4.2. Stage2: Data Preparation

In this stage, two sub-stages are used for data preparation, that is, normalization and cleaning.

4.2.1. Normalization

Data normalization is rescaling one or more variables to a range between 0 and 1. The goal of the normalization of data is to convert the numeric values in to a similar scale in a dataset without losing the data or distorting the ranges of values.

4.2.2. Data Cleaning

Data cleaning is the process of removing extraneous or erroneous information from data before it can be analyzed. This is data that, by propagating a false notion, can have a negative impact on the framework or algorithm into which it is given. The common data cleaning criteria include resolving missing values and deleting duplicates.
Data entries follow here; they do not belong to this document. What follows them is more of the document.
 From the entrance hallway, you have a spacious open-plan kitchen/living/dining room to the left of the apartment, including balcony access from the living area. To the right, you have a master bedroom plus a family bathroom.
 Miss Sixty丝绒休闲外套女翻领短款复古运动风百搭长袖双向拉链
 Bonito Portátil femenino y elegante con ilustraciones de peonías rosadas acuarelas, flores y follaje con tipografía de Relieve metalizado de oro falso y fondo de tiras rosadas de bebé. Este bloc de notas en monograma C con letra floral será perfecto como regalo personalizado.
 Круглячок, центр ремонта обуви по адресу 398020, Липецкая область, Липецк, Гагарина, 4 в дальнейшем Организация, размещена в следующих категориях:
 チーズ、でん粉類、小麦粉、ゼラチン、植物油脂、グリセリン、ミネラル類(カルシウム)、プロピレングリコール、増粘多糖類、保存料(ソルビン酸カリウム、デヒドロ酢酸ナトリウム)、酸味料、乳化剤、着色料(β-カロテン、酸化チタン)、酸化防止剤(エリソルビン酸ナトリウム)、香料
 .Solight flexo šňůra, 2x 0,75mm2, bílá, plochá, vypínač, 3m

4.3. Stage3: Framework Structure

The LSTM technique will be used at this stage, and the information that has been pre-processed will be entered. In order to extract the output, the framework will process data using LSTM. LSTM is a special type of recurrent RNN. It refers to the series of neural networks that works by processing sequential data. LSTM has three gates, as shown in Figure 5. The three “gates” are serially arranged in an LSTM unit. It has an input gate, forgetting gate, and output gate. When a piece of data is added to the LSTM network, it is carefully selected by the rules. Information that adheres to the algorithm rules is the only one left out. The rest is sent to the forgetting gate.

The work of the gates is to allow the information to be passed selectively. The gates allow passage of information selectively in an ordering manner. Equation (1) illustrates the LSTM network’s default activation functionality and the sigmoid function. The gating unit has the capability of adding or deleting information.
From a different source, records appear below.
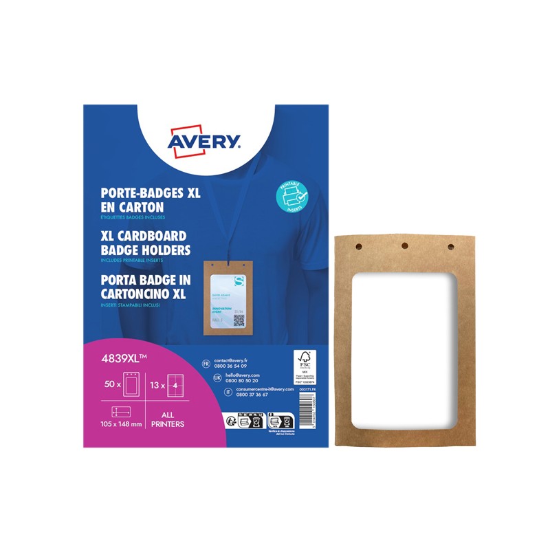 Questi porta-badge A6 in cartoncino sono il formato preferito per eventi: seminari, fiere, conferenze, congressi, ecc. Puoi stampare tantissime informazioni: inserire il tuo logo, il nome e la funzione del visitatore, il nome dell'evento, ma anche un codice a barre, una fototessera, ecc. Stampabili su entrambi i lati, puoi anche aggiungere una mappa della sede o il programma dell'evento sul retro. Fornito con inserti personalizzabili A6 (105 x 148 mm). - Cartoncino resistente con 3 perforazioni per adattarsi a qualsiasi tipo di cordoncino (singola o doppia chiusura) - Fornito con 52 inserti personalizzabili A6 (105 x 148 mm) in cartoncino - Inserti in cartoncino da 190 g/m² per una facilitare l'inserimento nel porta-badge, formato foglio A4 - Stampabili con laser e inkjet Lingua Italiano Questi porta-badge A6 in plastica sono il formato preferito per eventi: seminari, fiere, conferenze, congressi, ecc. Puoi stampare tantissime informazioni: inserire il tuo logo, il nome e la funzione del visitatore, il nome dell'evento, ma anche un codice a barre, una fototessera, ecc. Stampabili su entrambi i lati, puoi anche aggiungere una mappa della sede o il programma dell'evento sul retro. Bustina flessibile in plastica senza PVC con 3 perforazioni per adattarsi a qualsiasi tipo di cordoncino (singola o doppia clip). Fornito con inserti personalizzabili A6 (105 x 148 mm). -Il formato A6 consente di inserire maggiori informazioni -Fornito con inserti personalizzabili A6 (105 x 148 mm) in cartoncino -Inserti in cartoncino da 190 g/m² per una facilitare l'inserimento nel porta-badge, formato foglio A4 -Stampabili con laser e inkjet -Stampabili con laser e inkjet
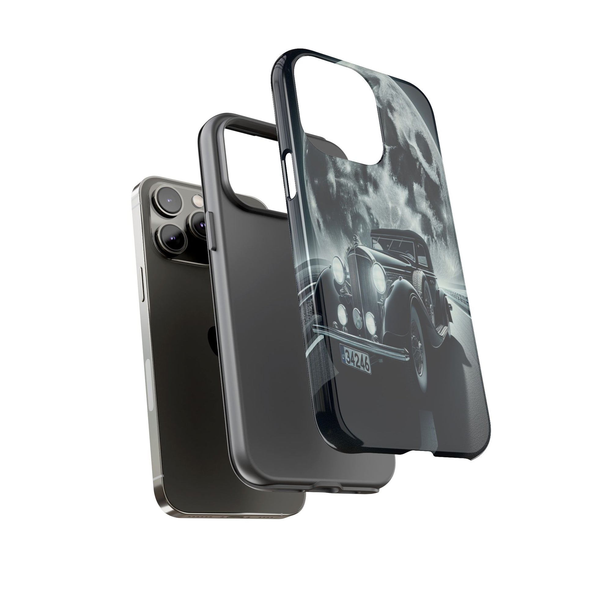 A vintage car drives down an endless road with a colossal, detailed full moon as the backdrop, creating a surreal blend of nostalgia and cosmic wonder. iPhone, Samsung Galaxy, and Google Pixel devices with premium-quality custom protective phone cases. Every case has double layers for extra durability and protection while the clear, open ports stay out of your way when it comes to charging. The outer polycarbonate shell will resist daily impacts. Choose between matte or glossy finish and enjoy adding a unique touch to your phone with our custom protective phone cases sourced from Korea.
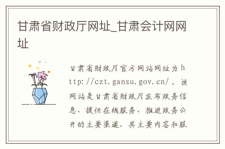 甘肃省财政厅官方网站网址为 http://czt.gansu.gov.cn/ 。该网站是甘肃省财政厅发布政务信息、提供在线服务、推进政务公开的主要渠道。其主要内容和服务涵盖多个方面,包括主动公开财政规章与规范性文件、全省财政收支情况、政府债务信息、政府采购实施情况以及公务员招考信息等 。网站还提供依申请公开服务,公民、法人或其他组织可通过该网站填写并提交政府信息公开申请表,申请获取未主动公开的政府信息 。此外,网站内设有多个导航栏目,如“新闻中心”、“政府信息公开”、“公众服务”、“政策法规”、“财政建设”、“甘肃会计”、“财会研究”等,方便用户查找各类财政资讯和办理相关业务 。其主办单位为甘肃省财政厅,网站备案号为陇ICP备15002215号-2,甘公网安备 62010002000481号 。
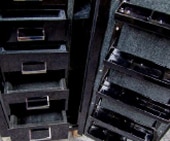 We will work with you to choose just the right interior fittings to fit your needs and meet your desires. We offer a variety of storage or presentation choices for your safe’s interior, including drawers, jewelry trays, watch winders, document storage solutions, purse hooks, open shelving, or any other kind of storage you require.
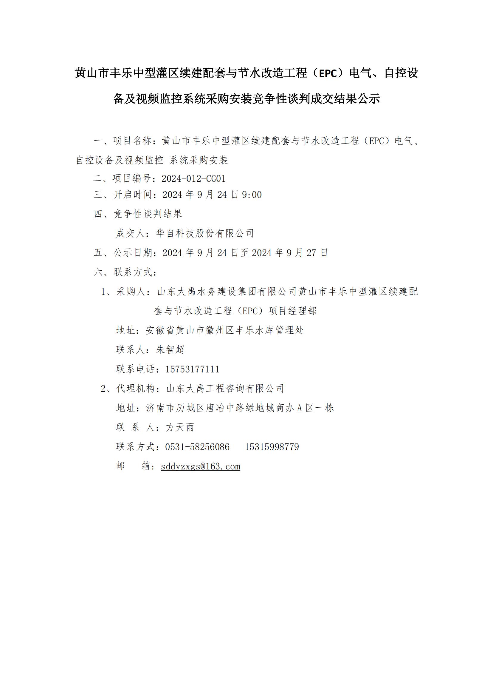 黃山市豐樂中型灌區續建配套與節水改造工程(EPC)電氣、自控設備及視頻監控系統采購安裝競爭性談判成交結果公示

$$\mathrm{sigmoid} \mathrm{layer} \mathsf{\sigma }\left(\mathrm{x}\right)=\frac{1}{1+e^{-x}}$$

(1)

The sigmoid neural network layer and the multiplication pair operation helps to determine whether the information passes or not. The sigmoid layer consists of an element output that is represented by real numbers between (0.1) that represent the weight of the information passing.

The LSTM neural network consist of a layer that has the function of tanh activation. This is shown in Equation (2). The tanh is used for updating the state of neurons Equation (2).
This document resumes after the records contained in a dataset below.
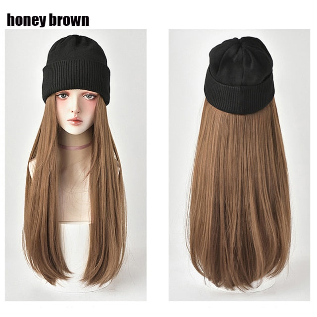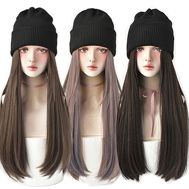 Iterm Name: Long Straight Hat Wig Synthetic Hair Wigs
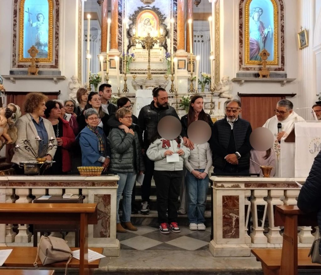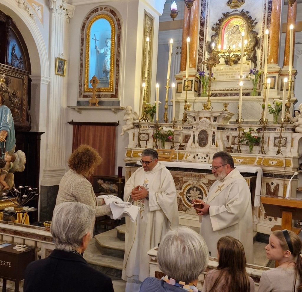 La cerimonia si è svolta in un clima di raccoglimento, accompagnata dalle parole di Don Martino Romano, Parroco di Sant’Arsenio, dalla vicinanza delle famiglie Pecora e Flora, e dalle rappresentanti dell’associazione che promuove l’arte del cucito e che raccoglie decine di iscritte di tutte le età.
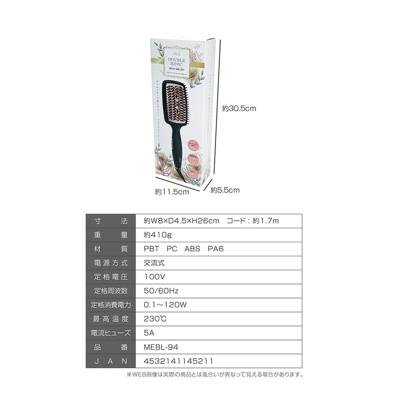 ダブルイオニックアイロンブラシ ヘアーアイロン 毛先カール 360度回転式コード マイナスイオン 最高温度230℃ 大きめ スタイリング ストレート カール アイロン アイロンブラシ ブラシ
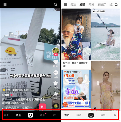 一位长期关注快手的行业资深人士表示,在APP内,底部入口比顶部入口流量要大,这次更新中「精选」页面重回底部,可以看出其权重被增加。
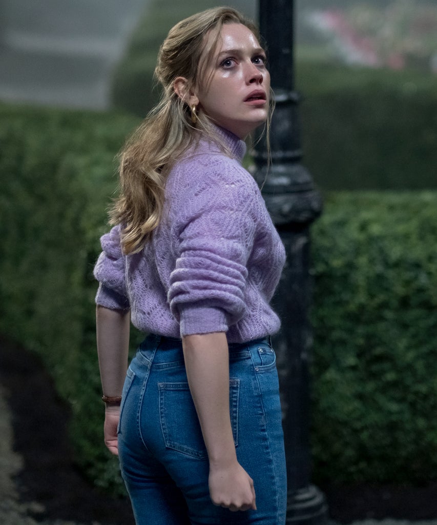 We timehop again, this time to London 1987 where a young woman is on her way to answer an ad placed by Lord Henry Wingrave. His young nephew and niece need a full-time live-in au pair at the family’s estate. With that description by Gugino’s character, we get our first jump scare. Dani Clayton (Victoria Pedretti) nearly gets hit by a car, but look close and you’ll see a ghostlike figure with glowing eyes pop up in the vehicle’s window. She’s scared, but perhaps, not as scared as she should be.

$$\tanh \left(\mathrm{x}\right)=\frac{e^x-e^{-x}}{e^x+e^{-x}}$$

(2)

The LSTM cell’s information flow, as shown in Figure 2, can mathematically be described. The symbols $\oplus$ and $\otimes$ denote the adding and multiplying value of the framework, respectively, while the arrows denote information direction of flow. The first layer of the memory gate helps determine how to remove any information that is not necessary from the cell state. This can mathematically be written as

f_t = σ(W_f × x_t + U_f × h_t−1 + b_f)

(3)

where f_t represents the forgetting threshold at time t, and σ represents the sigmoid activation function. W_f and U_f represents the weights, x_t. represents the input value h_t−1 and represents the output value at time t − 1, and b_f represents the bias term.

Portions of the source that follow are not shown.